Слышу, открывается входная дверь, стучат легкие женские шаги, звучит ее смех. Тут же певучий голос малыша, жаркий шепот арабки. И уже меня заливает сноп света, проникающий через отворяющуюся дверь. Она в легком платье, чуть вспотевшая, сумка через плечо, темные очки— прямо туристка. Стоит, изумленная неожиданной моей вылазкой, пытается улыбнуться мне, но я утонул в кресле, но другую сторону стола, неуклюжий, весь в черном и держу в руке ножик.
Она делает несколько легких, быстрых шагов в мою сторону, внезапно останавливается, что-то чувствует, ее охватывает страх, точно от меня на самом деле веет смертью.
— Something wrong? — дрожит ее голос, будто именно я вот-вот умру или скрываю под костюмом смертельную рану.

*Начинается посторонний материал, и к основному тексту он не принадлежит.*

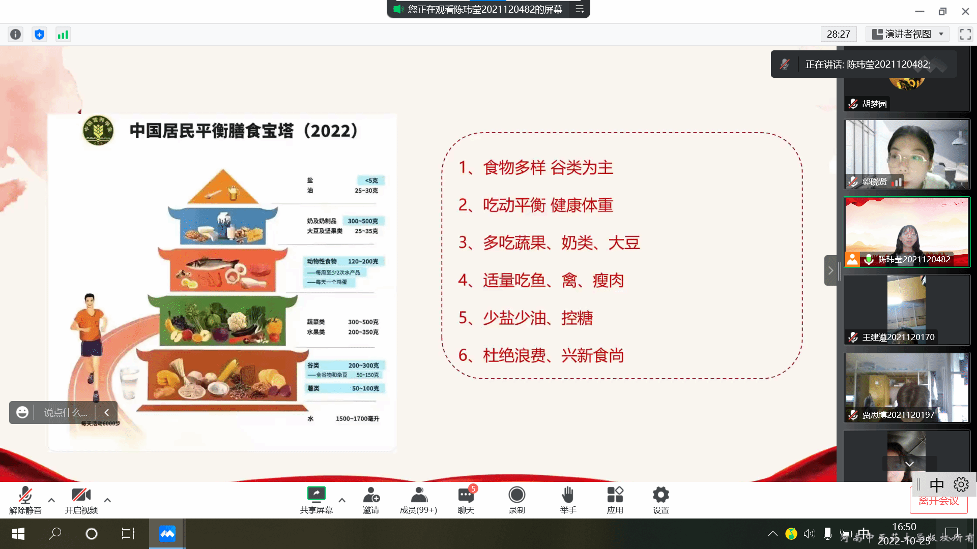 活动伊始,各班团支书以播放视频、PPT展示等方式帮助大家全面了解粮食的播种、养植、收割和加工等生产过程,并带领大家了解我国曾经因为粮食短缺而忍饥挨饿的困苦历史,同时以袁隆平的事迹让同学们看到了农业科研工作者为解决人民粮食问题而刻苦研究的艰辛,深刻领会习近平总书记号召“要进一步加强宣传教育,切实培养节约习惯,在全社会营造浪费可耻、节约光荣的氛围”这一重要指示的重大意义。随后,同学们也积极踊跃交流,讨论餐饮浪费的原因和解决方法,大家纷纷表示,作为共青团员,要率先垂范,自觉树立节约意识,切实承担起新时代青年的历史责任。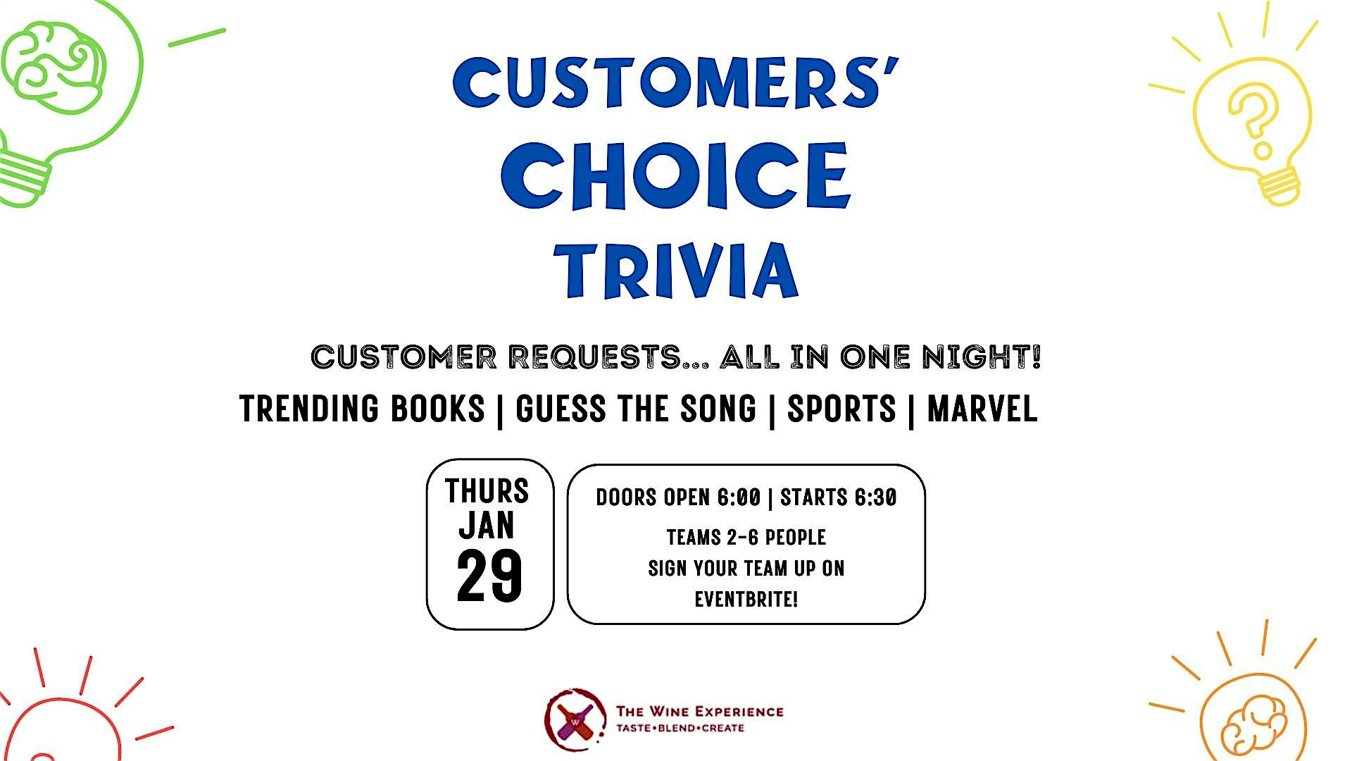 You asked... and we delivered! Join us for trivia night featuring our top-requested themes.Customer's Choice Trivia 1/29Join us at The Wine Experience for a fun night of trivia on January 29 at 6:30 PM! Test your knowledge while enjoying great wine in a relaxed atmosphere.Our last trivia goers voted, and we combined the top requests: …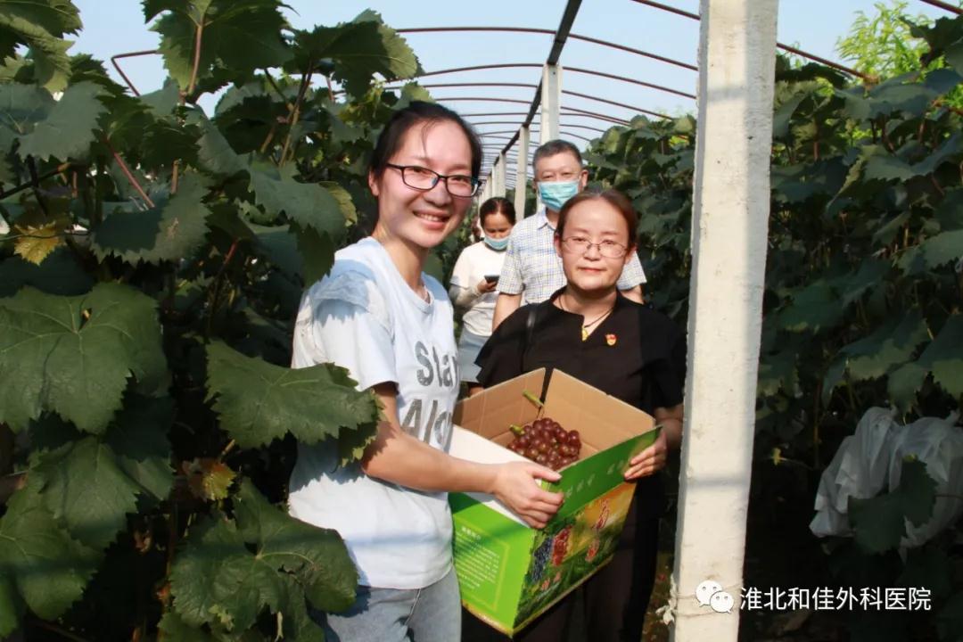 得知这个事情之后,2020年7月6日下午,淮北和佳外科医院党支部组织“志愿者服务队”,来到杜集区坡里镇的葡萄园,帮助果农徐文英采摘、搬运、包装等;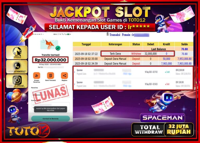 Selamat kepada Member Kami Ir****** Telah Jackpot dan berhasil mendapatkan kemenangan besar pada permainan JACKPOT SLOT GAME (SPACEMAN) Dengan Kemenangan Sebesar Rp.32.000.000 –. Setelah mengisi Fomulir Withdraw dengan Kurang waktu 1-2 Menit Dana sudah kami Trasnfer kepada Pemilik Userid dan dana sudah dapat di cairkan oleh pemenang. Bukti Pembayaran yang TOTO12 berikan merupakan Bukti Pembayaran yang …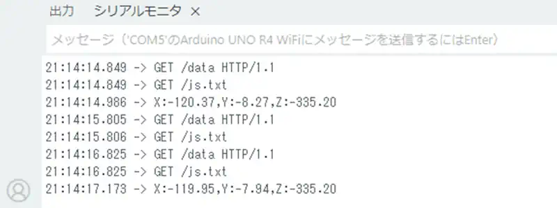 その後、JavaScriptの処理によって一定周期でGET /dataが送信され、UNOR4-WiFiはセンサーのデータをJSON形式で応答します。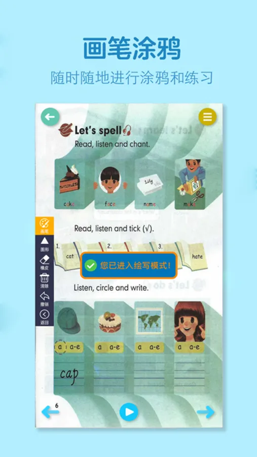 【2】画笔功能,全屏涂鸦让学习更加的有趣让学习更加高效率。完全同步最新发行教材,绝无缺漏页现象。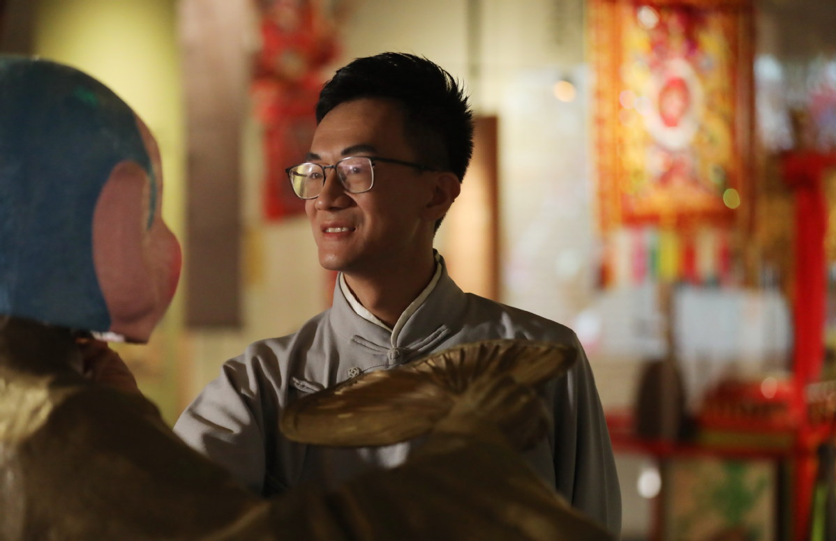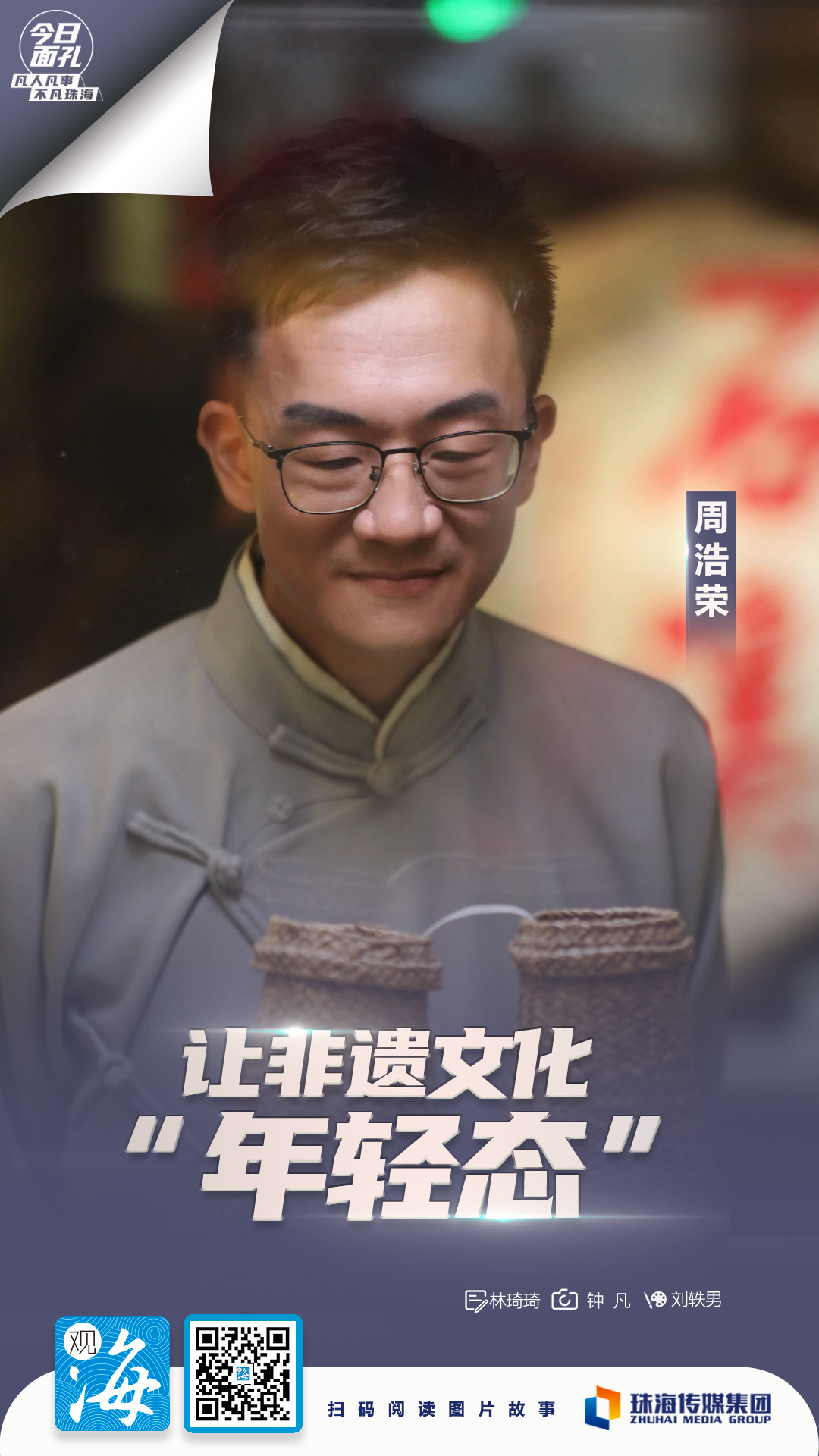 周浩荣看着这些非遗展示入了神,时不时陷入沉思。事实上,这些都是他的“老朋友”了。他是一名热衷于珠海非遗文化传播的90后青年,不断挖掘和记录非遗文化记忆。在他的镜头下,古老的非遗和新时代产生了共振,重焕光彩。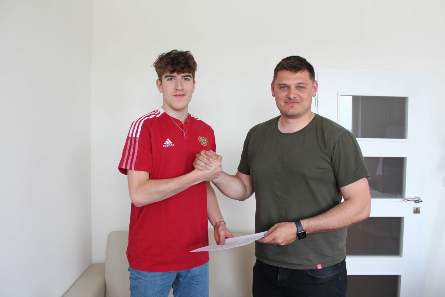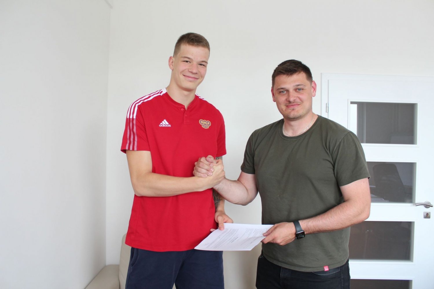 Lukáš Číhal a Šimon Báťa při podpisu smlouvy se sportovním manažerem Tomášem Vrábelem.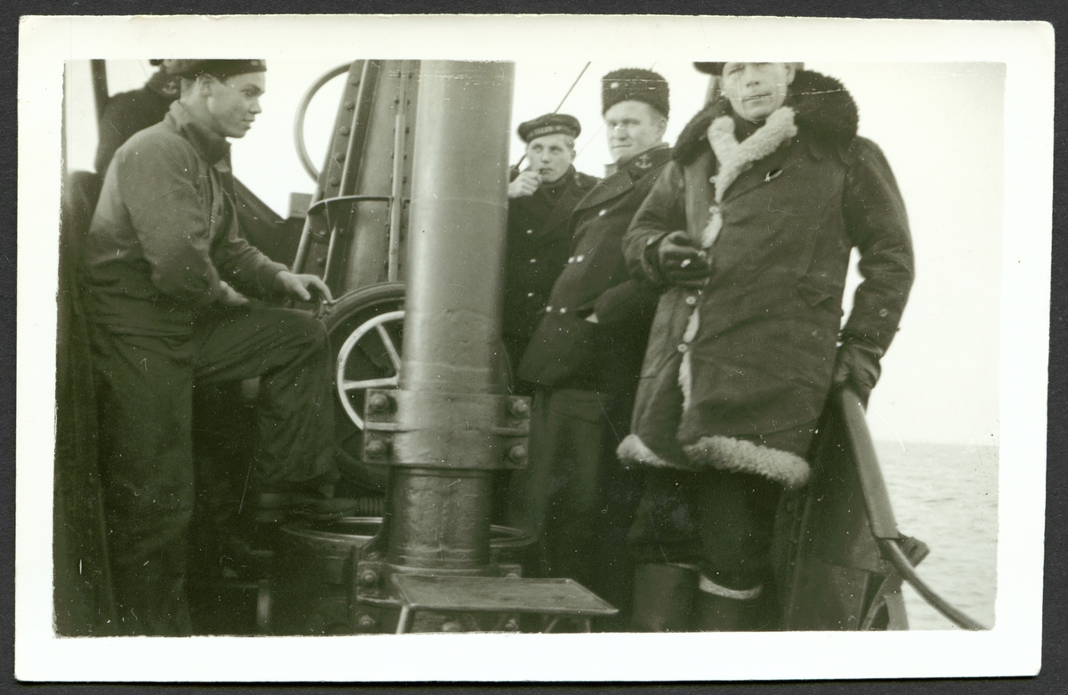 Bilden förställer en grupp ubåtsmän på däck av ubåten valen tills sjöss.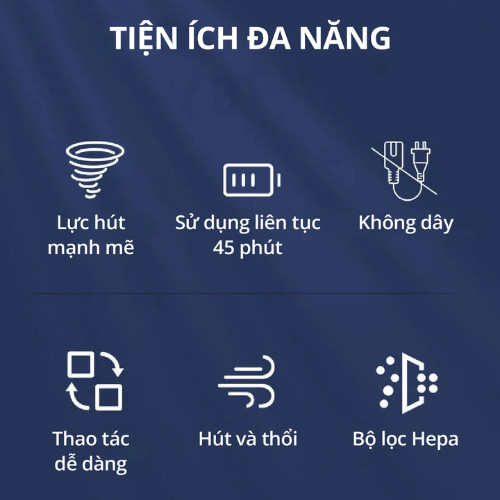 Máy hút và thổi bụi cầm tay KACHI MK 367 nhiều đầu phụ kiện đi kèm, pin sạc, nhỏ gọn tiện dụng
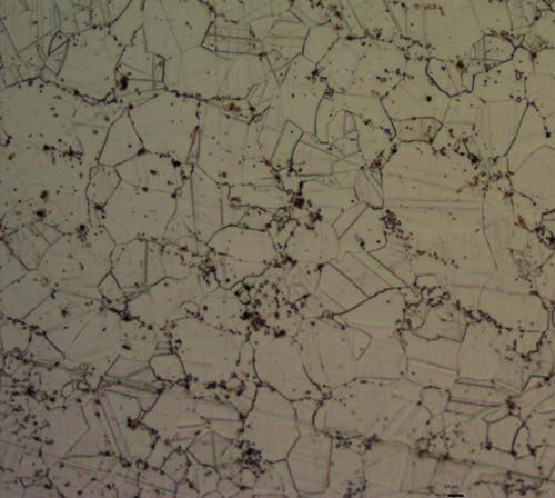 | 有孪晶,晶界没有完全腐蚀出来,黑点个人以为是腐蚀造成的,可以不予理会,划痕会影响对孪晶的判断,所以建议再改进磨金相水准,改善腐蚀液,最好给出具体的合金成分和热处理工艺,以帮助判断 |

Я выпрямляюсь, выпускаю из рук ножик, сноп теплого света так и бьет по мне, делаю несколько шагов, вхожу в тень. Бормочу утреннюю новость на древнем, библейском иврите, знаю — она ничего не понимает, да и слова застревают в горле. Меня заливает вдруг острая жалость к ним, я глажу малыша по головке, наклоняю голову перед старой арабкой и следую дальше — через теплый свет квартиры, через входную дверь, которая так и осталась открытой, — в сторону все более и более открывающегося передо мной оврага, в сторону университета. Надо будет позвать оттуда кого-нибудь на помощь.
По прямой — чуть ли не воздушной — линии я пересекаю вади. И тут, в зарослях, в цветущей этой впадине, надо мной на мгновение исчезает солнце, и я всей душой, в каком-то голодном экстазе, отдаюсь тебе, только тебе. Убитый мой! Единственный! Зову из бездны, вот уже и полдень прошел, суббота на подходе, а никто в Иерусалиме не знает, что тебя уже нет. Твоя жена так и не поняла ничего. Я допустил ошибку: все-таки надо было дать властям выполнить свои обязанности.
Кругом скалы, склон ужасно крутой, кустарник растет неизвестно откуда — земли-то никакой не видно, — путается в ногах, кто бы мог подумать, что в двух шагах от университета такая глухомань.
Наконец-то я взглянул на твои бумаги. Ты напрасно боялся, что не пойму. Я понял сразу, ты меня с ходу вверг в восторг, в жар, в отчаяние. Ты вернулся, чтобы прорицать здесь, я с тобой, сын человеческий, я набил карманы твоими бумагами, возьму вот и засяду за английский по-настоящему, поднимусь в горы и буду ждать вдохновения. — И вот я пробираюсь через колючую проволоку, идущую вдоль университета, у бокового фасада одного из мраморных корпусов, держу в руке сучковатую ветку; давно я уже здесь не был, и корпуса расположены как-то по-другому. Ищу твой факультет, блуждаю по коридорам среди кислородных баллонов, темноватых лабораторий, маленьких библиотек, оранжерей и гудящих компьютеров, а городок университетский пустеет на моих глазах, студенты уходят.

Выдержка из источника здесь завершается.